Given all this i am tempted (when I finally get the villa) to go for the highest speed Internet I can get, go cheaper on the cable, and then just subscribe to the coverage on MLB.com, NHL.com, and NFL game pass, and download the Daily Show when I can. Which leaves my wife's soap operas and I think there are few options with those.


----------



## fcjb1970 (Apr 30, 2010)

Roadworrier said:


> Given all this i am tempted (when I finally get the villa) to go for the highest speed Internet I can get, go cheaper on the cable, and then just subscribe to the coverage on MLB.com, NHL.com, and NFL game pass, and download the Daily Show when I can. Which leaves my wife's soap operas and I think there are few options with those.

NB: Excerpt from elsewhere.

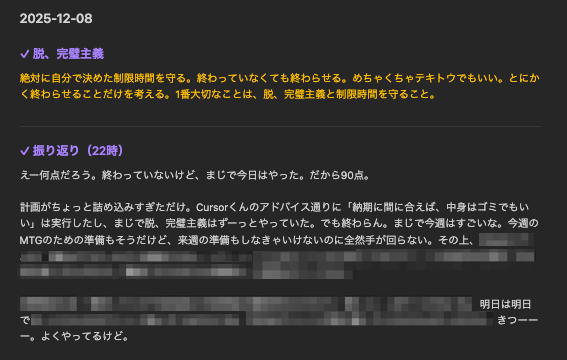 でも今は、毎日の自己採点と工数ギャップ分析のおかげで、自分の「感覚」と「事実」のズレに気づけるようになりました。

I don't have any TV service anymore not even basic. I download everything I want to watch. It is pretty easy to find very good quality avi (or these days more likely mp4) of pretty much any US TV show within hours of it being aired back home. For things you might want in true HD you can usually find MKV files for most shows in 786 and/or 1080.

I did NFL for the playoffs last year and was really impressed with the signal quality. Here and there it slowed down, but most of the games the picture and sound were great. MLB is a little more hit and miss. The biggest problem with MLB is that games will (far to frequently) reset and start over. But I love coming home and watching the previous days game (well as a Rockie/Cub fan maybe not this year). But there is zero coverage of baseball here so unless you go looking for a score you will not know it. Same with football, very easy to keep from knowing a score for a day or so till you can watch it on delay.


----------



## Roadworrier (Jul 3, 2012)

I have the ESPN score and game update app on my iDevices and that works all the time everywhere so I can ruin the suspense.


----------



## fcjb1970 (Apr 30, 2010)

Roadworrier said:


> I have the ESPN score and game update app on my iDevices and that works all the time everywhere so I can ruin the suspense.


Back in CO I had the baseball package so I could watch Cubs games and often would save to DVR and watch at night. Cannot tell you how many phone conversations with my dad began with, 'I have not seen the game do not say anything...'


----------